宋连摇头:“这关键的一步,决定了军头的生死。张郎中别怪我不信任,你看,我连自己都不相信。”
张景文看着云娘,疑惑为何神医笃信这弱小的女子。
“云娘对分寸和力道的控制,绝对比我们精准得多。”宋连向张景文下了保证。
宋连招呼甲丁和张景文,一边压住竹条“夹板”不让肋骨移动,一边将军头非常轻缓地扶成半卧位。
接下来,他用手指在军头右侧胸壁锁骨中线第二肋间反复按压、定位,让云娘准备好消过毒的吹药管。
“云娘,你需要把管子精准地从这边肋骨之间,通过胸膜创口,插入胸膜腔。”
在极不稳定的光照条件下,胸膜腔的创口几乎不可见,云娘只能根据刚才所看到的位置,一点点试探。
她明白,她面对的是一个活生生的人体最精密的结构之一。
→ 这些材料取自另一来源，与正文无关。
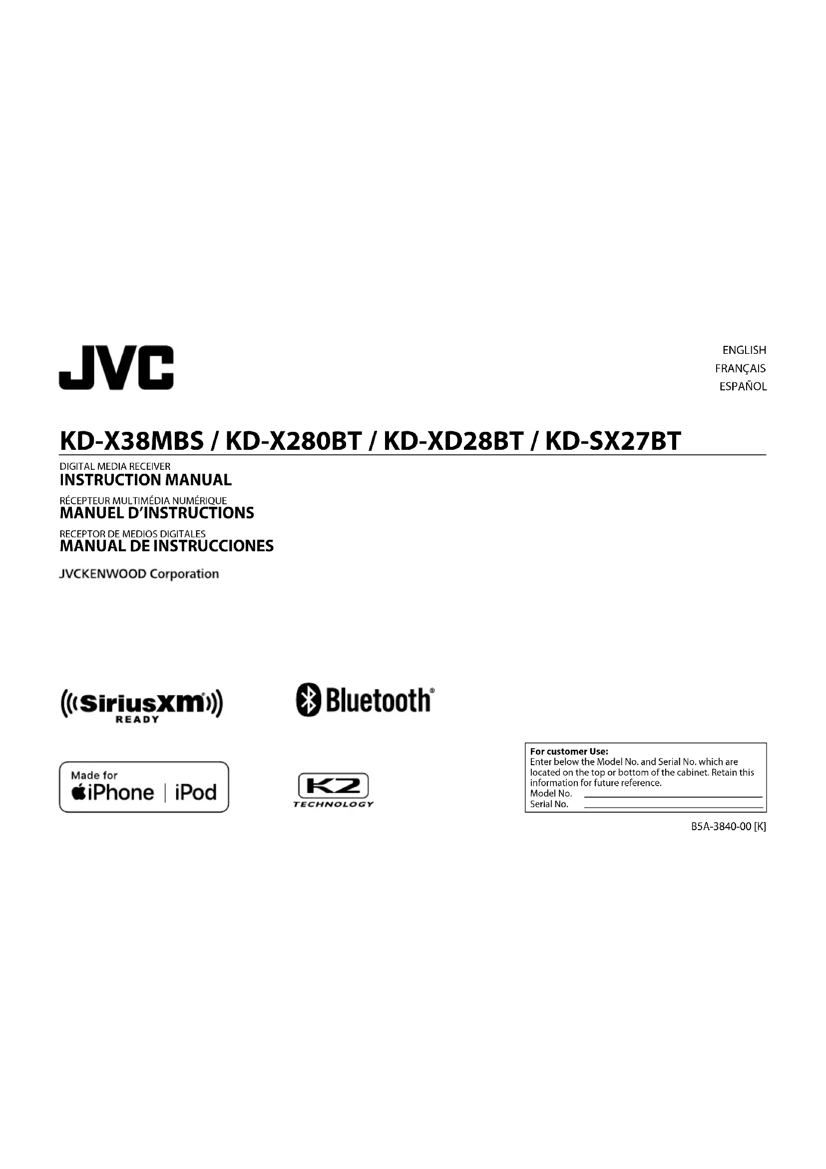 Retrouvez gratuitement la notice de l'appareil KD-XD28BT JVC au format PDF.

她仔细感受着吹管一头传来的触感,有轻微阻力的部分是完整的胸膜,她一毫一毫试探,终于,管子毫无阻力地探进去一点点。
就是这里!这个破口处!
云娘小心翼翼将管子深入胸膜腔,在精准深度下停止。
宋连已经备好了装了半瓶清水的皮囊,将中空导管的另一端插入水囊之中。
奇迹发生了!
军头的呼气使得胸腔内压力增高,漏进胸腔的气体会顺着吹管“咕嘟咕嘟”从水瓶中冒出来,形成一串气泡。
当军头吸气时,因为导管末端没入水中,而形成了“水封”,阻止了空气被倒吸回胸腔。
而在现场其他人眼中,那有节奏“咕嘟、咕嘟”冒着气泡的水囊,仿佛在替军头呼吸!
不一会儿,军头青黑色的脸渐渐缓和下来,趋于正常。
03
张景文几乎丧失了语言能力。
眼前刚发生的一切都太不真实了,是他完全无法想象的“妖术”。但他清楚的知道,这绝非妖术,而是某种更先进的、超出他认知的神奇医术。
他有些恍惚,忘记了此刻自己身在何处,最后被宋连一声声呼唤叫醒。
“张郎中?你没事吧?是不是太累了?”
张景文甩了甩头,看着那个还在“咕嘟、咕嘟”的水囊,确认了自己不是在做梦。
“这样就……可以了吗?”他问宋连。
宋连却摇摇头。
虽然此刻看起来这个冒险的方法奏效了,但接下来军头要面临的是新的一道生死关:细菌感染。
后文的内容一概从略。